The other night I happened to be in the tool department at the local K-Mart, which had a modest assortment of Dremel products on display.  Among them was an old-fashioned single-speed Moto-Tool.  A sample was out where I could handle it; I was happy to note that the shaft bearing, though probably of the sleeve rather than ball type, seemed to be nice and tight.  (On my first, single-speed model from 1973 the shaft slid back and forth at least 1/32".  I don't think Dremel makes a single-speed model with ball bearings, but the sleeve-bearing version I examined the other night seemed to have virtually no play in it.)  [Later edit:  I checked the Dremel website.  Apparently the single-speed model I was looking at does have ball bearings.  Bravo Dremel!]  I wouldn't trade my little We-Cheer "carver" for any Dremel Moto-Tool currently on the market (though I have a big, variable-speed Dremel for heavy-duty jobs - like grinding and routing), but my second choice probably would be that single-speed Dremel - with an accessory speed control of some sort.

Dremel has a nice website, with a users' forum.  Some months back I used that to post my usual observation:  the ideal Moto-Tool for the modeler would (1) be as small as possible, (2) have a speed range of zero (and I do mean zero) to 5,000 rpm, (3) be powered by a lightweight, long-lasting battery, and (4) cost less than $50.00.  I never got a response from Dremel, and no other customers commented on my post.  So I guess I'm in the minority.  But I continue to think that any modeler who tries out my little "power carver" with its slow-speed capability won't want to go back to an elephantine Moto-Tool.  Every Dremel product I've ever bought has been a high-quality piece of merchandise, but I continue to contend that the company just hasn't figured out - or isn't trying to cater to - the needs of the model builder.   

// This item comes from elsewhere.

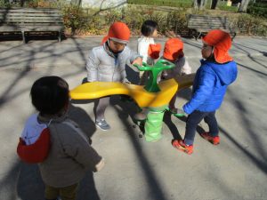固定遊具を使いましたがダイナミックに遊びながらも順番もしっかりと守り、遊び方が本当にお兄さんお姉さんになって参りました。

Youth, talent, hard work, and enthusiasm are no match for old age and treachery.

  • Member since
    May 2007
  • From: Atlanta, Georgia
Posted by RTimmer on Monday, January 4, 2010 8:07 PM

Hi John,

Excellent suggestion regarding the We-Cheer "carver.  Thanks - and thanks for providing the link.

Cheers, Rick

  • Member since
    October 2009
  • From: Manila, Philippines
Posted by Limbas 237 on Sunday, January 17, 2010 8:54 AM

When I bought my Dremel from Amazon last year they suggested that I should buy as well the Universal Chuck to be used with it. I bought it and have not regretted the purchase. I can use a 0.3mm drill bit on it with no problem.